The appeal thus, has no force, and is dismissed summarily.
(Kishan Swaroop Chaudhary) J.(N. P. (Sd.) Gupta) J.”
However, for assessment years in question, namely, the assessment years 1997-98, 1999-2000, 2000-01, 2001-02, 2002-03, 2003-04 and 2004-05, since the said deduction was not given by the Assessing Officer while issuing “intimation” (order) under section 16 of the Act, the assessee preferred revision petition before the learned Commissioner of Wealth-tax which came to be dismissed as not maintainable by the impugned order dated March 31, 2010. Hence, the present writ petitions. Therefore, the limited question before this court in these writ petitions is as to whether the revision is maintainable under section 25 of the Act against an “intimation” under section 16(1) or not and whether such an “intimation” is an “order” or not.
Having heard the learned counsel, this court is of the opinion that the learned Commissioner of Wealth-tax has erred in dismissing the revision petition as not maintainable. The “intimation” issued under section 16(1) of the Wealth-tax Act, which is reproduced below has the effect of being a “notice of demand” issued under section 16 and remaining provisions of this Act including the appeal and revisional powers shall apply mutatis mutandis to “intimation” under section 16(1) of the Act also. Section 16(1) reads as under :
“16. Assessment.—(1) Where a return has been made under section 14 or section 15 or in response to a notice under clause (i) of sub-section (4),-
(i) if any tax or interest is found due on the basis of such return, after adjustment of any amount paid by way of tax or interest, then, without prejudice to the provisions of sub-section (2), an intimation shall be sent to the assessee specifying the sum so payable and such intimation shall be deemed to be a notice of demand issued under section 30 and all the provisions of this Act shall apply accordingly ; and
(ii) if any refund is due on the basis of such return, it shall be granted to the assessee and an intimation to this effect shall be sent to the assessee :
Provided that except as otherwise provided in this sub-section, the acknowledgment of the return shall be deemed to be intimation under this sub-section where either no sum is payable by the assessee or no refund is due to him :
Provided further that no intimation under this sub-section shall be sent after the expiry of two years from the end of the assessment year in which the net wealth was first assessable.”

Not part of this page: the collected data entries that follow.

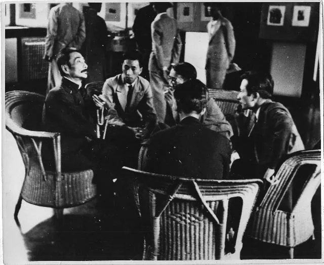 不仅如此,鲁迅图像中的场景也是为了更好地展现鲁迅的权威地位而设计。在鲁迅图像中,描绘历史事迹和特别场景的叙事性图像更能引发想象,也更有内涵空间。譬如黄永玉所作的《鲁迅和木刻青年》(图17),此画将场景设计为左右对立,执烟昂首正在讲话鲁迅居左,凝神静听或坐或站的青年们居右。按照常理,这种左小右大不对称的场景设计,重心自然在右,但这幅木刻中,画面中心却在左侧,即鲁迅仍然是画面核心。有两方面的因素确保了鲁迅的核心位置,一是青年们整齐划一投向鲁迅的目光,二是鲁迅和青年们服饰上的黑白异色,使鲁迅更为突出。实际上,黄永玉此作是有照片原型的,沙飞的这幅摄影(图18)当为其构思底本。黄作中的鲁迅形象简直完全脱胎于沙飞照片,所不同的是,黄作以艺术的手法重排了青年的空间位置,更加深刻、生动地展现了鲁迅的导师形象。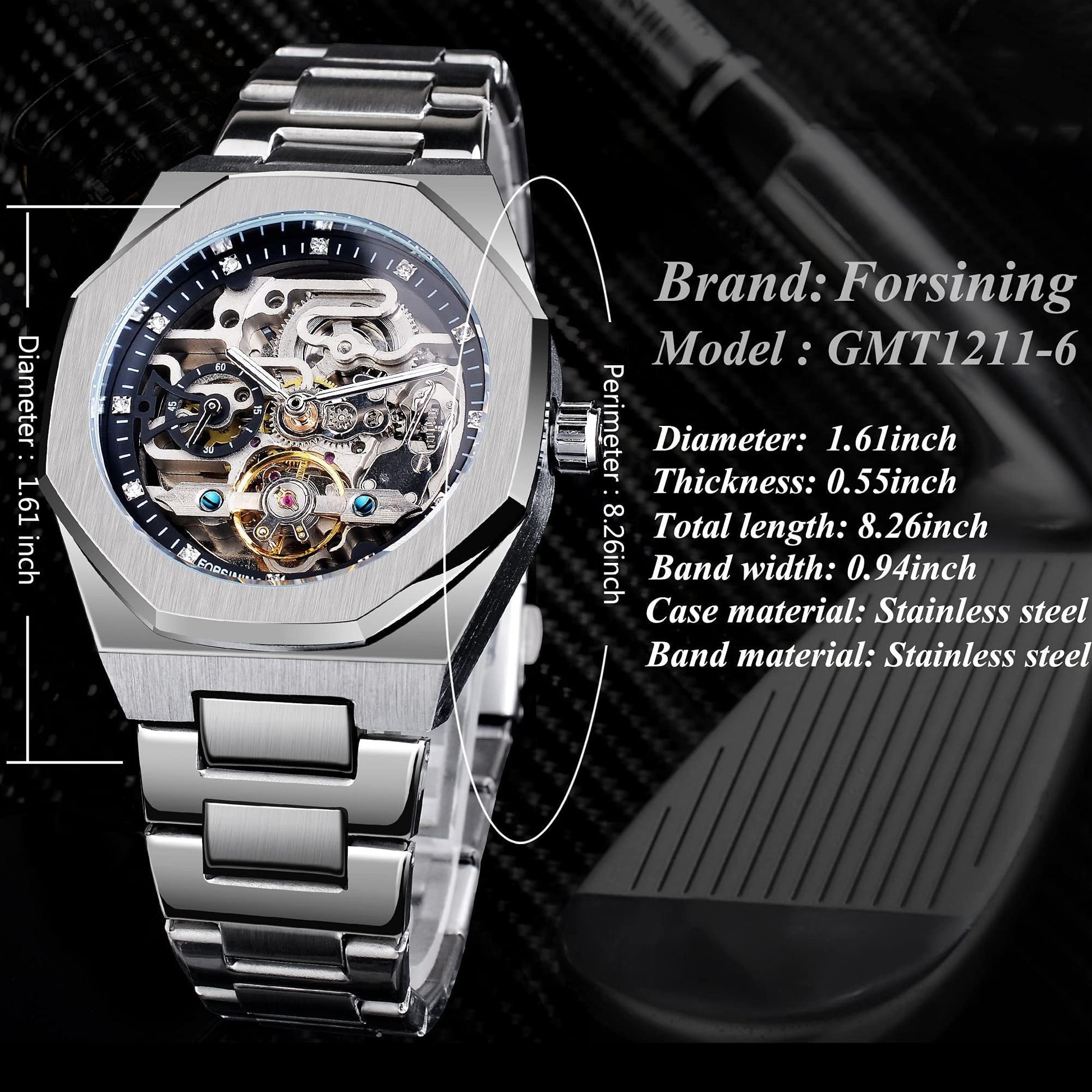FANMIS Mens Skeleton Watches Luxury Automatic Watch with Stainless Steel Bracelet Wrist Watch (Silver Black)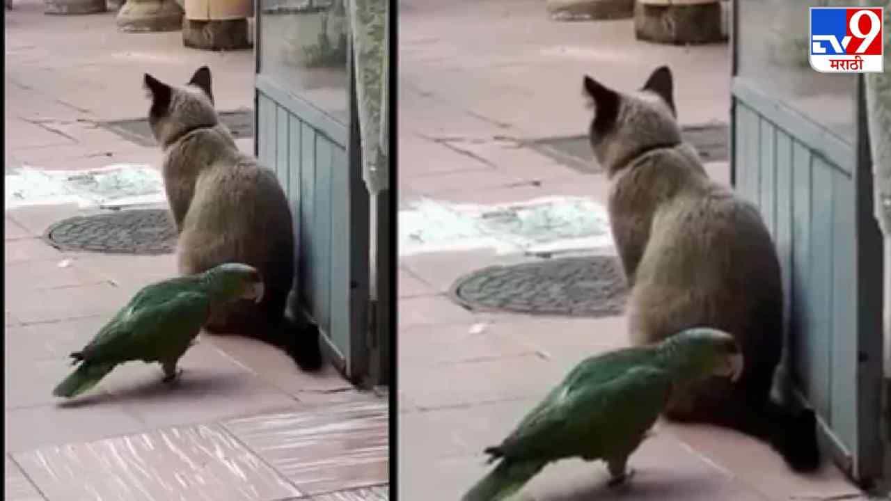 Video: मांजरीच्या शेपटीला पकडण्याचा प्रयत्न करणारा पोपट, सोशल मीडियावर व्हिडीओ व्हायरल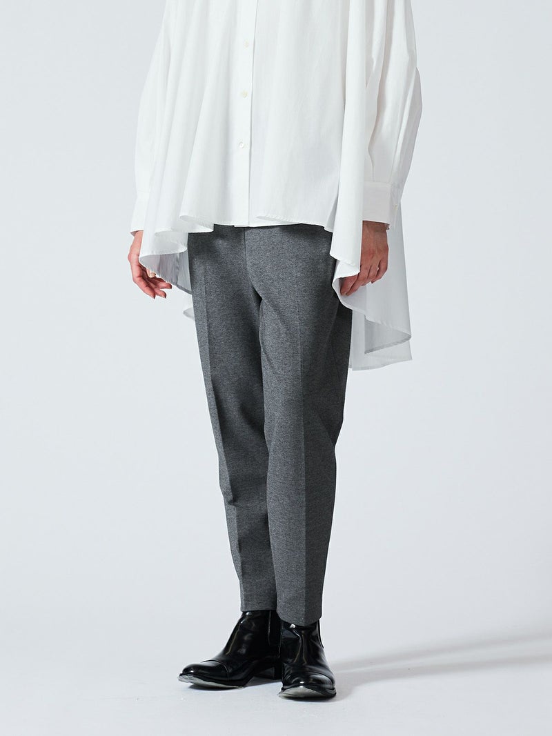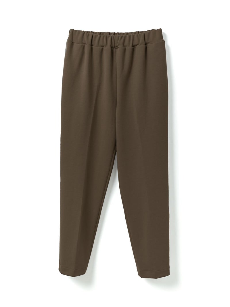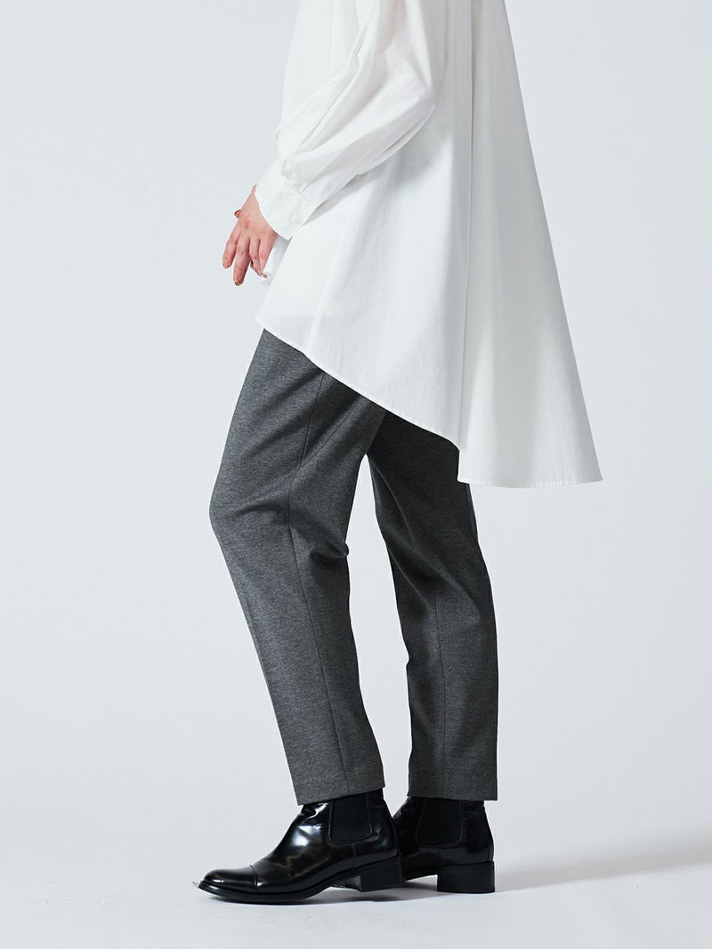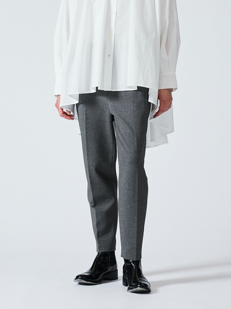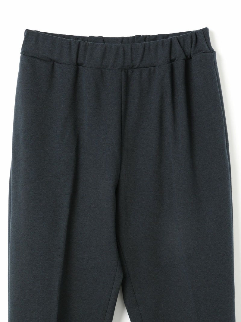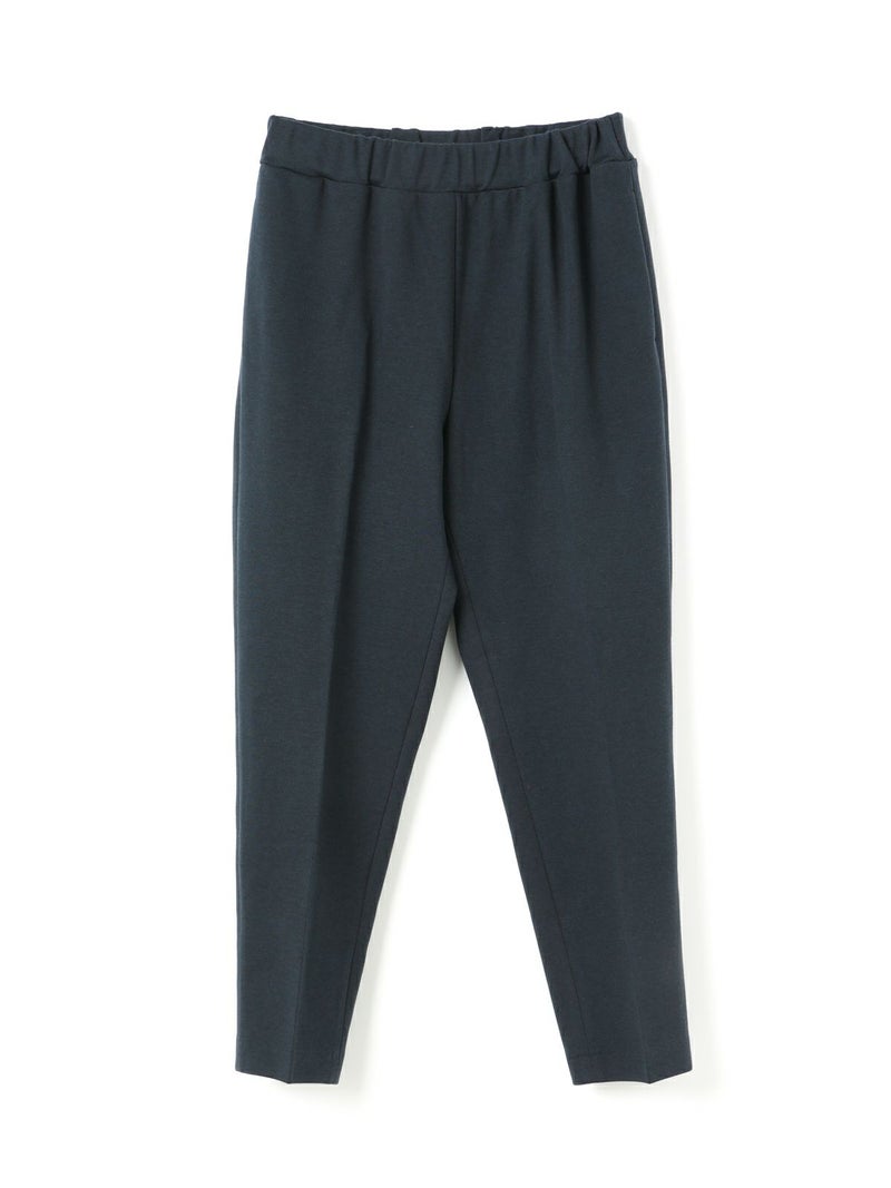 カットポンチ素材を使用したストレッチ性のあるなめらかな肌触りが特徴のジャージーセンタープレスパンツ。着心地もよく型崩れも少なくお洗濯もしやすいのもポイント。程よいパンツ幅でラフ過ぎずきちんと感を印象付けます。ウエストをゴム使用にしたリラックス感のあるデザインでmizuiro indらしい着こなしを表現します。同シリーズの3-210060/クルーネックコクーンプルオーバーとのセットアップがおすすめで、秋の季節感を演出していただける1枚です。

Undoubtedly, the said “intimation” is an appealable “order” under the provisions of sections 23 and 23A of the said Wealth-tax Act, 1957. If any intimation/order is appealable before the first appellate authority, there is no reason why the Commissioner cannot invoke his revisional powers under section 25 of the Act which confers upon him suo motu revisional powers as well as powers to be invoked on the application made by the assessee. He can call for the record of any proceedings under this Act, if an order has been passed by any authority subordinate to him and may make such enquiry or cause such enquiry to be made and pass such order thereon as the Commissioner thinks fit. The learned Commissioner has, therefore, clearly erred in holding that the amendment in the Income-tax Act to the effect that an “intimation” was an “order” for the limited period only and consequently holding that since those amendments were not applicable for the assessment years in question, therefore, the revision petitions were not maintainable. This escape route found by the learned Commissioner cannot be countenanced. In the opinion of this court, the revision petitions before the learned Commissioner were clearly maintainable in law and he has erred in rejecting the said revision petitions as not maintainable.
Accordingly, all these writ petitions are disposed of setting aside the impugned order of the Wealth-tax Commissioner dated March 31, 2010, and the revisions are restored back to him for decision afresh on the merits in accordance with law. No order as to costs.